Floral fragrance variability exists among individual plants (Bergström et al. 1992; Moya & Ackerman 1993; Tang 1993), among flowers of the same plant (Schiestl et al. 1997; Moya & Ackerman 1993) and for a flower at different dates (Altenburger & Matile 1988; Moya & Ackerman 1993; Shaver, Lingren & Marshall 1997). In most studies, pollination was not ensured by only one species of pollinator (Moya & Ackerman 1993; Bergström et al. 1992; Miyake, Yamaoka & Yahara 1998; Ervik et al. 1999). In a truly specific plant–pollinator interaction (i.e. one species of plant to one species of pollinator), one can expect the chemical signal to show little variation in the relative amounts of each compound. This should apply especially when the interaction is obligate for both partners, as is the case for Ficus–pollinator mutualisms. Generally, one species of insect (Hymenoptera, Agaonidae) pollinates and reproduces in figs of one species of Ficus (Moraceae) (Berg 1989; Janzen 1979; Compton 1990).

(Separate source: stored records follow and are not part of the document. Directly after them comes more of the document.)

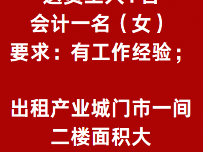 河北铺 招工:送货工人1名,会计一名(女)
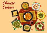 Kuchnia chińska z wektorowe dania kuchni azjatyckiej z owoców morza i makaronu mięsnego, gotowane na parze ryby i bułki bao, warzywa z sosem ostrygowym. Zupa grzybowa, krewetki szechuańskie, ciasteczka ananasowe i mleko smażone
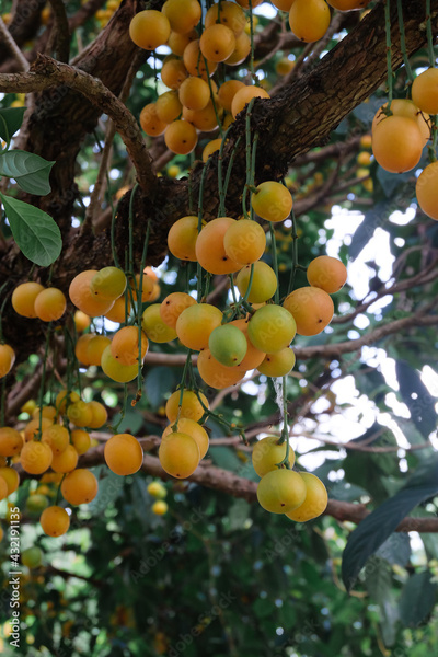 Baccaurea ramiflora Lour or Burmese grape tree , Mafai in Thai, sweet and sour fruit on tree .

When the fig (an urn-shaped inflorescence) is receptive, it emits a blend of volatiles that has been shown for several species to be a pollinator attractant (Barker 1985; Gibernau et al. 1998; Grison, Edwards & Hossaert-McKey 1999; Van Noort, Ware & Compton 1989; Ware & Compton 1994). Half of the Ficus species are monoecious, while the other half are gynodioecious but functionally dioecious. In monoecious species, female pollinators enter the fig, pollinate and lay eggs, and generally die within the fig (Gibernau et al. 1996).

In dioecious species, ‘male’ figs contain both male and female flowers. In these figs, male flowers produce pollen and female flowers do not produce seeds, but are instead the place where pollinators lay eggs. Female figs contain only female flowers, in which the pollinating wasps are not able to lay eggs due to the length of the style. Female figs therefore only produce seeds (and no pollinator). There is thus a conflict of interests between the female fig tree, which needs to be pollinated, and the insect, which should avoid female figs (where it dies without laying eggs). In a non-seasonal environment, where flowering is synchronous within the tree but asynchronous among trees, pollinators emerging from a fig have to fly away from their natal tree to find a male fig to reproduce. A selective pressure for the capacity to discriminate between male and female figs is therefore expected on the wasp’s side. But on the other side, male and female figs should be selected to emit exactly the same signal to attract the pollinator, ensuring that the wasps also enter female figs and pollinate their flowers. If this signal is indeed chemical, there should be chemical mimicry between sexes, as hypothesized by Grafen & Godfray (1991) and Patel et al. (1995). In a seasonal environment, where there is a phenological delay between male and female tree flowering, pollinators cannot choose between the two kinds of figs (Kjellberg et al. 1987). There is therefore no selective pressure for a strict chemical mimicry among sexes.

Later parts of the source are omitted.